There's also the spatial scale of the variations to consider --
those (call them "cells") tend to be in the range of tens of
centimeters, give or take a factor of ten or so. Looking up,
an astronomical telescope with a typically narrow field of view
only needs to cope with a relative few of these cells every few
milliseconds. Looking down, you would have to measure and compensate
for all the cells over the entire field of view every few
milliseconds. Say you're looking at a scene 1 km on a side and
the cell size is 30 cm; that's 1.1e7 cells. Somehow measure those
once every ten milliseconds with, say six-bit accuracy, and that's
6.7 gigabits per second that you have to process against the actual
image stream.

And I'm not at all sure how you'd measure the index of refraction
fluctuations in the first place.

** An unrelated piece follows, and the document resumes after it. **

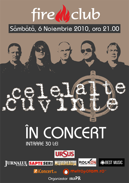Sâmbătă, 6 noiembrie 2010, ora 21:00, trupa Celelalte Cuvinte va concerta în Fire Club din Bucureşti.

Maybe some sort of laser probing
technique?

So I don't think there's much chance that adaptive optics or
post-processing is being used to compensate for the effects of
"seeing" on spysat pictures. That having been said, adaptive optics
to maintain the figure of a thin or segmented mirror seem perfectly
feasible, but that's a completely different application.

(I also think that there's nothing keeping the current crop of
satellites with mirrors in the reported 2 to 3 meter range from
getting essentially diffraction limited images of the ground.)